01
Figure out what makes you whole and prioritize it relentlessly.
Building SONNI has pushed me to get honest about this in a way nothing else has. You can't be amazing at every role in your life every day, but if you think of it as an exchange of energy, balance starts to feel achievable. My approach is simple:
1. Pick three things you want to prioritize in this season of life
2. At the end of each day or week, check in on where your energy actually went
3. Use that to inform where it goes next
I know what it feels like to be heads down, grinding, completely on autopilot. And I know what all play, no work feels like too. Neither one is it for me. I'm my best self when I'm working hard, taking care of myself, and maintaining a full life outside of work. That's how I reach my flow state, and that’s what allows me to show up as the cofounder and COO that SONNI needs.
02
Women can do anything and then some.
I went to an all-girls school in Toronto, grew up in a house full of sisters, and spent the rest of my life choosing all-women environments: my sorority in college, my first startup role at Little Spoon, and now with our team at SONNI. That wasn't an accident. These spaces shape how I see myself and what I believe is possible.
Operations is still a male-dominated field, even in the consumer space. Fundraising as a young female founder isn’t for the faint of heart. Walking into rooms full of investors who don't look like you is uncomfortable. But other women have done it, so I know I can too. (My dream is to build an all-women Ops team. I’m working on it.)
03
If you don’t like something, change it.
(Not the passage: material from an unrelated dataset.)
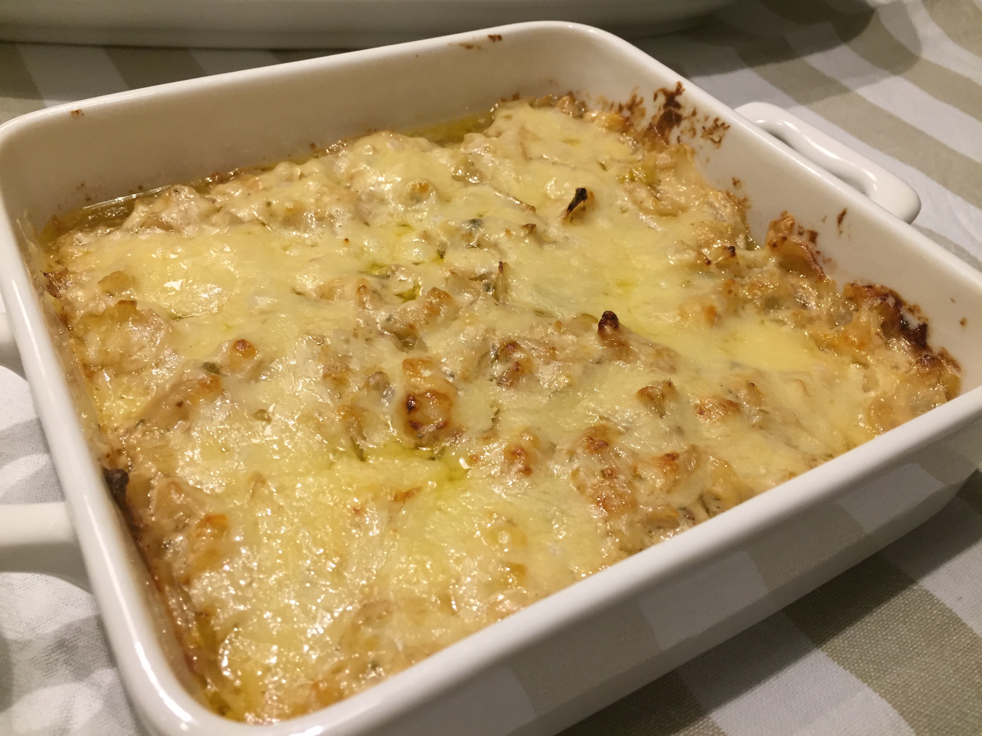 In i ugnen 200°C i ca 15 min för att osten ska få en gyllene färg och grädden får koka in.

If you can’t change it, change the way you think about it.
There are moments - as a founder, as a person - when I catch myself complaining or getting complacent. But I control more than I think I do, and when I genuinely can't control something, there's almost always another way to look at it - a silver lining, a lesson, something worth keeping. That reframe is a muscle: the more you use it, the stronger it gets.